I thrill at my guess.
He bends down and kisses her on the cheek. His nose is sunburnt and he smells of sunscreen mixed with sweat.
“I beat him again,” he says. Then he looks at me, as though suddenly aware of my presence.
“Eulabee, this is Hugh,” Maria Fabiola says. “Hugh, this is a surprise from the past—this is Eulabee.”
We shake hands. His fingers are tan, his nails buffed.
“How do you two know each other?” he asks, and for a moment I’m speechless. My husband knew Maria Fabiola’s name by our third date.
“We grew up very near each other,” Maria Fabiola says.
This is what it’s come to. I am a childhood neighbor, nothing more.
“Ah, the mean streets of Sea Cliff!” he says. “So glad you survived. Not many people get out of there alive.”
I smile politely and search his face for irony, for knowledge of the reported kidnappings Maria Fabiola and I endured, for awareness of Gentle’s death. His face is blank. He knows nothing.
I look at Maria Fabiola and see only my own reflection in her sunglasses.
He asks if I live in the Bay Area still, and I tell him I do. I tell him I’m a translator. Maria Fabiola removes her gla
sses and squints at me. “You are?”
“Wow, a dying art form,” Hugh says. “How long are you staying in Capri?”
“We leave tomorrow,” I say. “I’m here with my mother-in-law. And you?”
“A few more nights,” he says. “We come every year for a week, sometimes two.”
“How lovely,” I say, not sounding at all like myself.
“What do you want to do for lunch, babe?” Hugh says to Maria Fabiola. “Should I order you your usual?”
“I’m so tired of eating here,” she says and sighs. She turns to me. “I’ve had the same salad for four days.”
“Want to walk to the piazza with me and get a bite?” I suggest.
“I could use a walk,” she says. “Do you mind, Hugh?”
He says he doesn’t, but I watch him stare at Maria Fabiola as she stands. It takes me a minute to place what I see on his face. It’s a look of concern a parent might give a child who’s about to take a test for which they are not prepared.

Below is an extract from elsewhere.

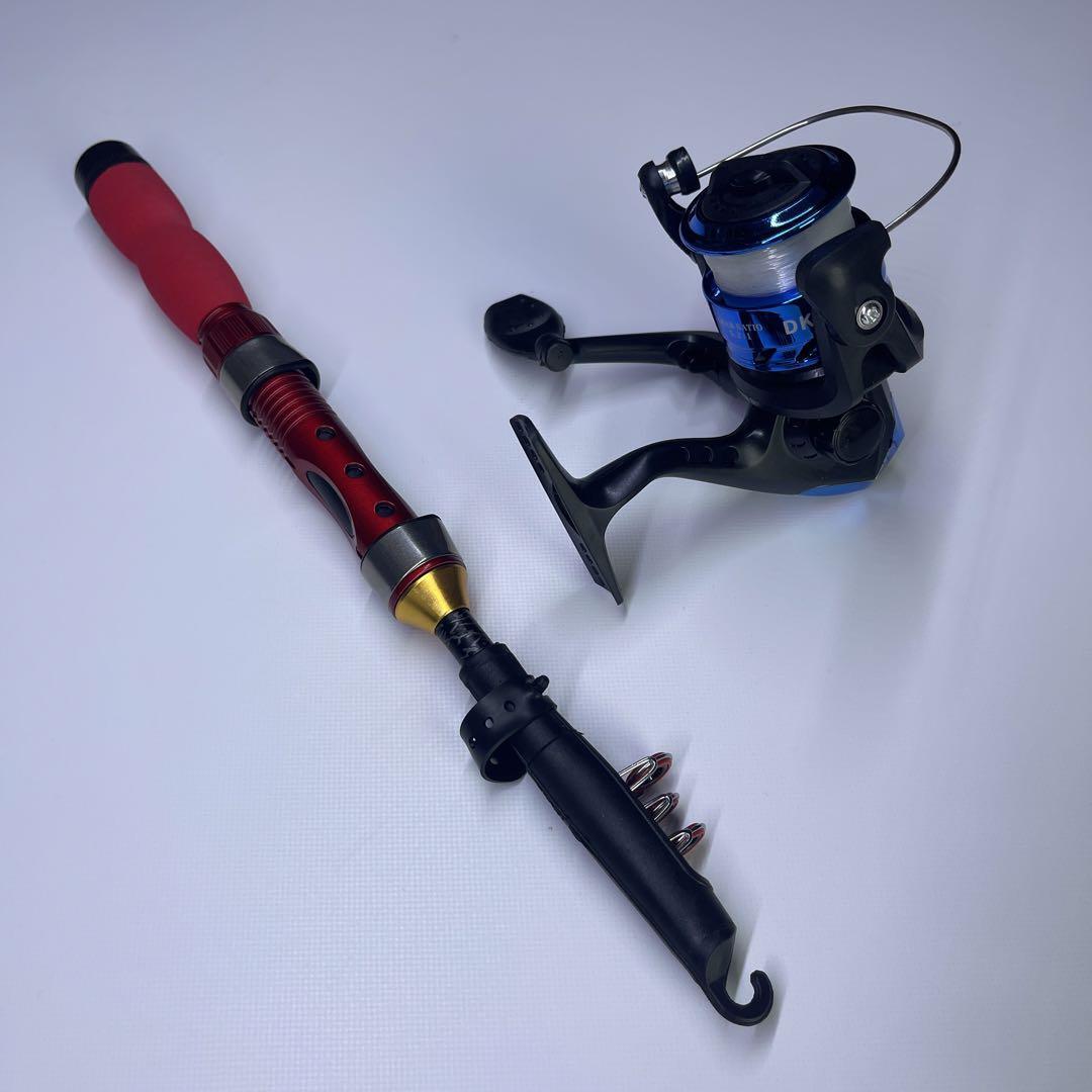 - 1m竿 リールセット 糸付き コンパクトロッド 釣り竿 短竿 ブラクリ 穴釣り 探り釣り 伸縮 振り出竿 青 ブルー レッド 赤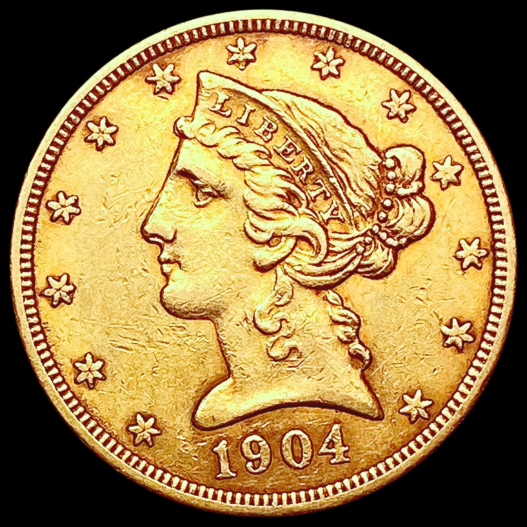 1904 $5 Gold Half Eagle CLOSELY UNCIRCULATED

Maria Fabiola pulls on a bright blue dress and slips on crisp white espadrilles. I return to my lounge chair and slide into my flip-flops and a white cover-up that’s a few years old and, in the sunlight, appears a shade of buttermilk.
We walk out of the hotel and onto the promenade. Maria Fabiola suggests we go into a Missoni store. “You’ll love their material,” she says. The saleswoman smiles at Maria Fabiola. I mention I’m looking for a new cover-up, and she pulls out several options for me to try on. While I’m changing, I hear the saleswoman complimenting the color of Maria Fabiola’s attire. “It’s the color of the famous Blue Grotto,” the saleswoman says.
The flattery works. Maria Fabiola tries on a long shimmering blue and green skirt.
“What do you think?” she says, admiring herself in the mirror.
“It looks incredible,” I say honestly. “You look like a mermaid.”
She buys it on the spot. I marvel at the ease with which she hands over her credit card. “Are you going to get anything?” Maria Fabiola asks me.